# West G-Bay 4-21



## MatthewAbbott (Feb 25, 2017)

Anybody going out? 

Between the 3 Ws (work, wind, what’s going on) it’s been far to long since I’ve had salt air in my lungs. 

Well, the boats hooked up, ran on the hose for a long time and the wife and I are headed down in the AM. Probably going to launch at Fat boys and run to Greens or Carancahua. 

If you see me holler, wave, throw a rock... I don’t care. Lol.


----------



## jay.bush1434 (Dec 27, 2014)

MatthewAbbott said:


> Anybody going out?
> 
> Between the 3 Ws (work, wind, what’s going on) it’s been far to long since I’ve had salt air in my lungs.
> 
> ...


Go to the back of Greens or sack up, grab your 9 or 10 weight and go to the jetties. The bull red schools are moving up and down the jetties smashing bait. Lots of jacks on the beach front too.


----------



## Dallas Furman (May 13, 2018)

Glad to hear that someone is getting out. I’m stuck in Lake Charles on a turnaround, be here through mid June. Looking forward to updates. Tight lines!!!


----------



## MatthewAbbott (Feb 25, 2017)

Well. Not much going on for us today other than a nice day on the water. I guess it goes like that when you miss 2 months of being on the water.


----------



## jay.bush1434 (Dec 27, 2014)

MatthewAbbott said:


> Well. Not much going on for us today other than a nice day on the water. I guess it goes like that when you miss 2 months of being on the water.


I talked with a couple buddies that fished yesterday, lots of folks on the struggle bus with these high tides and winds changing direction every couple days. I'm making a jetty/beach front run Friday for sure.


----------



## MatthewAbbott (Feb 25, 2017)

jay.bush1434 said:


> I talked with a couple buddies that fished yesterday, lots of folks on the struggle bus with these high tides and winds changing direction every couple days. I'm making a jetty/beach front run Friday for sure.

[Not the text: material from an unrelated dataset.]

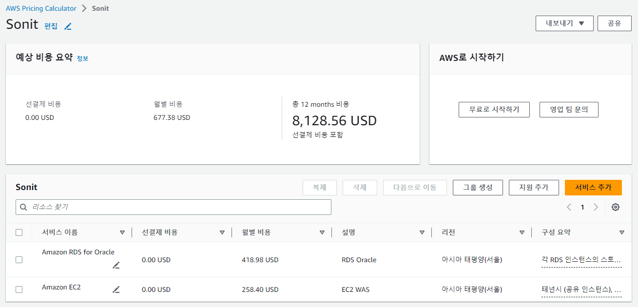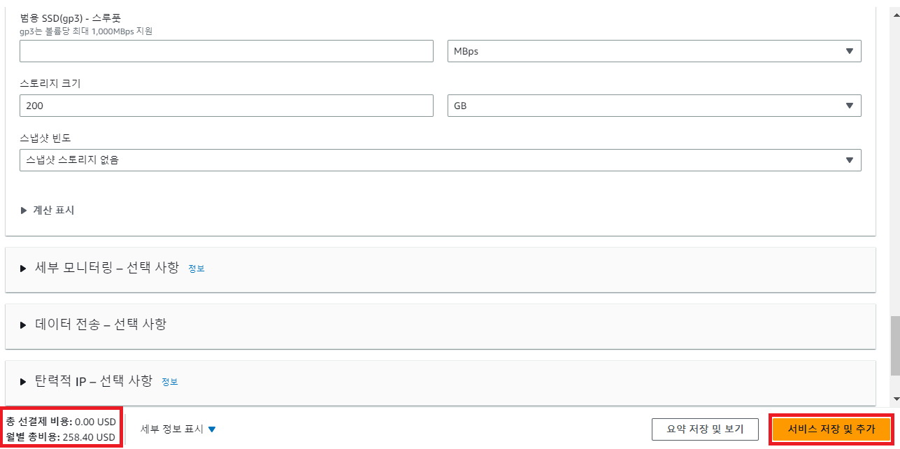 구성들을 모두 선택하고 맨 하단에 내려오면 해당 서비스의 예상 월별 비용이 보여지고, 서비스 저장 및 추가 버튼을 누르면 정상적으로 서비스가 추가되는 것을 확인할 수 있습니다.

Are you walking the jetties?


----------



## jay.bush1434 (Dec 27, 2014)

MatthewAbbott said:


> Are you walking the jetties?


Walking the side decks of my Vantage...
The fish are pretty far out the jetties, we didn't see any inshore of the sunk shrimp boat. All the fish we saw were in the last mile of the South jetty, gulf side. Super secret spot


----------